Построим файл топологии для этана:
%%bash
cat ethane/ethane.top
Сгенерируем tpr файлы:
import subprocess
file_suffixes = ['be', 'vr', 'nh', 'an', 'sd']
method_names = ['Berendsen\'s Method', 'Velocity Rescale', 'Nose-Hoover MEthod', 'Andersen Method', 'Stochastic MD']
command = 'grompp -f {0}.mdp -c ethane.gro -p ethane.top -o ethane_{0}.tpr'
for suffix in file_suffixes:
subprocess.call(command.format(suffix), shell=True)
Для каждого из полученных файлов запустим mdrun и измерим время работы:
import time
command = 'mdrun -deffnm ethane_{0} -v -nt 1'
for method_name, suffix in zip(method_names, file_suffixes):
current_command = command.format(suffix)
start = time.time()
subprocess.call(current_command, shell=True)
print '{0}: {1} (seconds)'.format(method_names[ind], time.time() - start)
Конвертируем каждую из 5 систем в pdb:
command = 'echo 0 | trjconv -f ethane_{0}.trr -s ethane_{0}.tpr -o ethane_{0}.pdb'
for suffix in file_suffixes:
subprocess.call(command.format(suffix), shell=True)
Визуализируем получившиеся pdb:
from base64 import b64encode
from IPython.core.display import HTML, display
for method_name, suffix in zip(method_names, file_suffixes):
video = open('ethane_{0}.mp4'.format(suffix), 'rb').read()
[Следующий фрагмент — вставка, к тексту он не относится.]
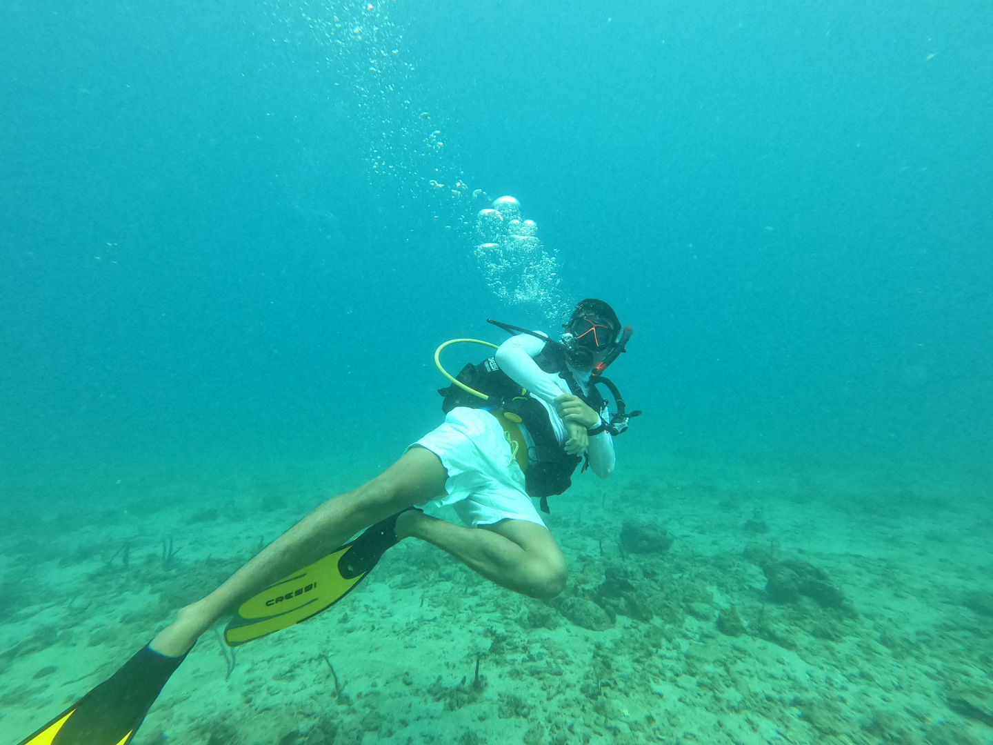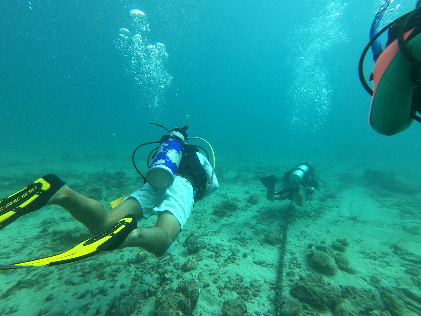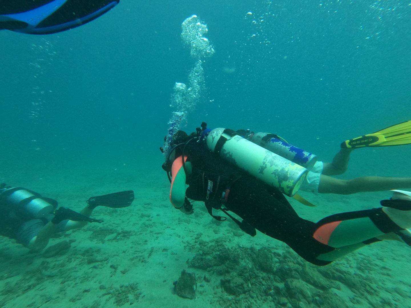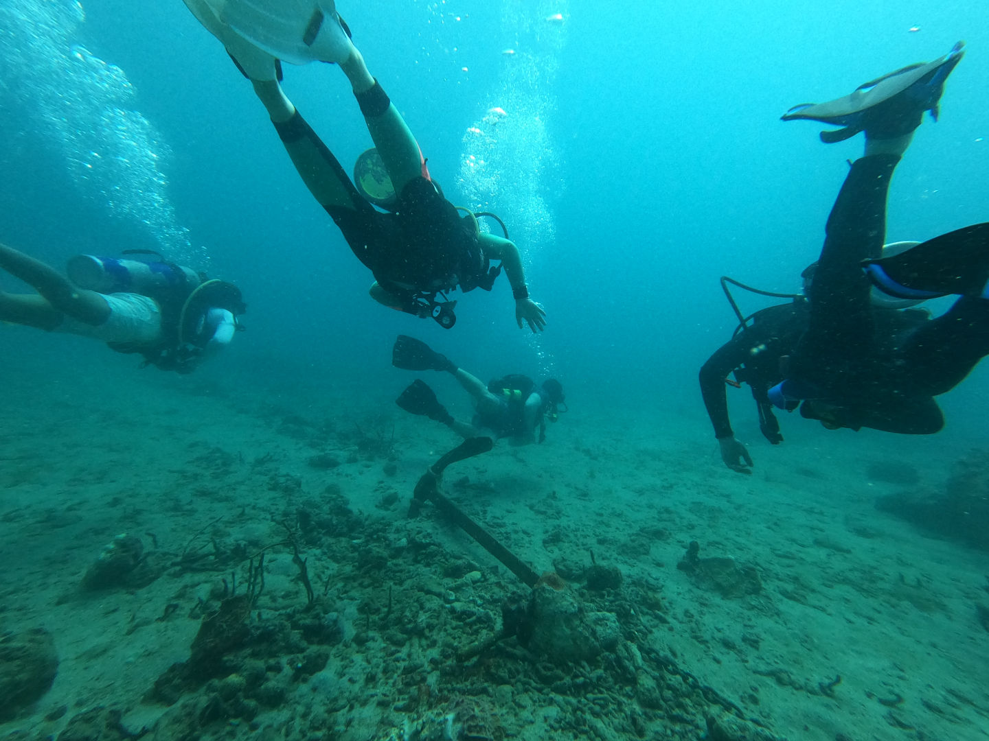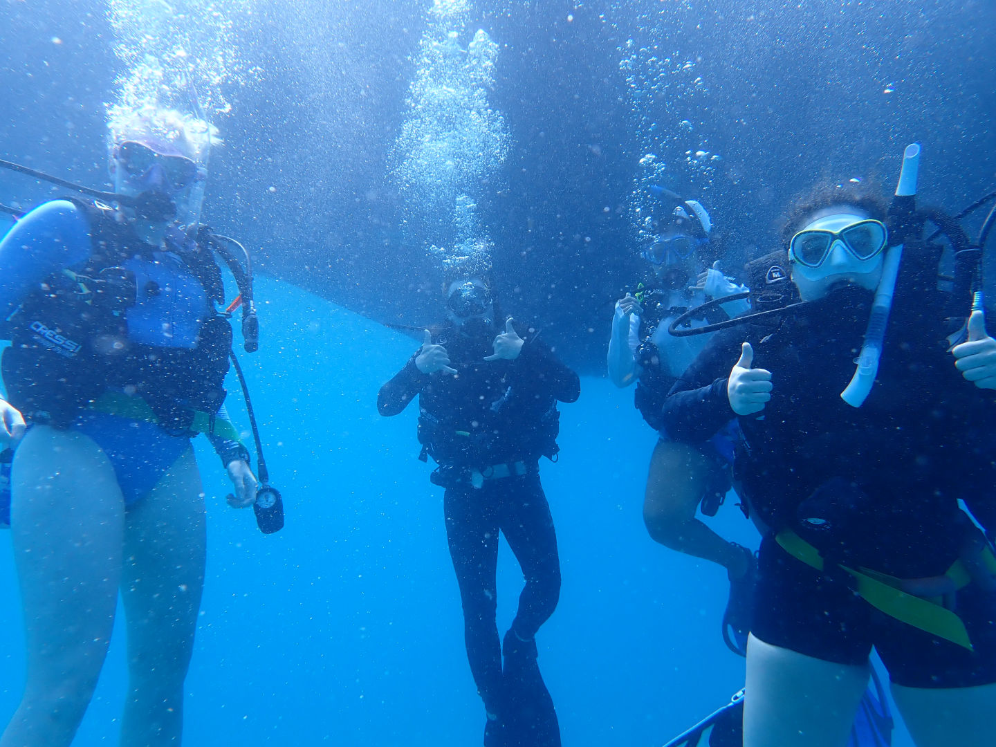 After a long day of excursions yesterday, the urge to stay in bed was quite tempting this morning. My “good mornings” were met mainly with groans for all except Rocco, our head chef today, who sprung into breakfast action. This morning, we were served the most top-tier version of the Seamester brekkie go-to: yogurt and granola. After breakfast and cleanup, the students broke into dive groups for our first “fun dive,”- meaning the dive was not meant to test skills but rather just for fun. This means students were able to bring GoPros and get some awesome underwater shots. While the first group went diving, Zoe, Ben, Sammy, and Hannah caught up on school work and did their best to manage to get the mud off their hiking shoes from yesterday’s very muddy adventure. Rocco, Evan, Jack, Alev, and Ella did the same when they came up from their dive before getting lunch underway. Today, the divers saw lots of fish and an eel!

video_encoded = b64encode(video)
html_code = '<h1>{0}</h1><video controls alt="PyMol Movie" src="data:video/mp4;base64,{1}" type="video/mp4">'.format(method_name, video_encoded)
display(HTML(html_code))
Видим, что при использовании метода Берендсена происходит активное вращение вокруг связи C-C. При velocity rescale и методы Нуза-Хувера также происходит вращение вокруг связи C-C, но менее интенсивное, чем при Берендсене. В целом velocity rescale похож на Нуза-Хувера. При методе Андерсена происходит лишь изменение длины связи C-C без вращений. И наконец стохастическая молекулярная динамик заставляет молекулу этана беспорядочно вращаться в пространстве. Кажется, что стохастическая молекулярная динамика показывает результаты имеющие минимальное отношение к действительности.
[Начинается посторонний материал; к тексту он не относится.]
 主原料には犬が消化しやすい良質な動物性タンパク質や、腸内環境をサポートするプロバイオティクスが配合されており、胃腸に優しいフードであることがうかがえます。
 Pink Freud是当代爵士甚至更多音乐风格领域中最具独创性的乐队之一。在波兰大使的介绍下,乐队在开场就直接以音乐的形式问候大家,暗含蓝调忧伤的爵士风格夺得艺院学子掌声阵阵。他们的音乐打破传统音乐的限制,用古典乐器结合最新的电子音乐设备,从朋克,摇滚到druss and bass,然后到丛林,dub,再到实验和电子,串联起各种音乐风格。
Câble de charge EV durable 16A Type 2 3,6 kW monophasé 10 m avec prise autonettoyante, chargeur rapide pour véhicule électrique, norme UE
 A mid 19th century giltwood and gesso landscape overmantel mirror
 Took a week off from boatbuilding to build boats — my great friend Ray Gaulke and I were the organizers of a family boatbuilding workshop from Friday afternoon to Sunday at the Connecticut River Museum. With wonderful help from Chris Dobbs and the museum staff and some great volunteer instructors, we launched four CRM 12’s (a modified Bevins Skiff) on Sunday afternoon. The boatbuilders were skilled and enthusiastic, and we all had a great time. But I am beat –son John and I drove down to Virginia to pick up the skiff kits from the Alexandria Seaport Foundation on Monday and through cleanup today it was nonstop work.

Сравним потенциальную энергию и кинетическую энергию для каждой из 5 систем:
command = 'echo -e \"10\n11\n\n\" | g_energy -f ethane_{0}.edr -o ethane_{0}_en.xvg -xvg none'
for suffix in file_suffixes:
subprocess.call(command.format(suffix), shell=True)
Построим график изменения энергий:
%matplotlib inline
import numpy as np
import matplotlib.pyplot as plt
import matplotlib.patches as mpatches
for method_name, suffix in zip(method_names, file_suffixes):
fig = plt.figure(figsize=(15, 5))
ax = fig.add_subplot(111)
a = np.loadtxt('ethane_{0}_en.xvg'.format(suffix))
ax.plot(a[:,0], a[:,1], 'b', a[:,0], a[:,2], 'r')
ax.set_title(method_name)
blue_patch = mpatches.Patch(color='blue', label='Potential Energy')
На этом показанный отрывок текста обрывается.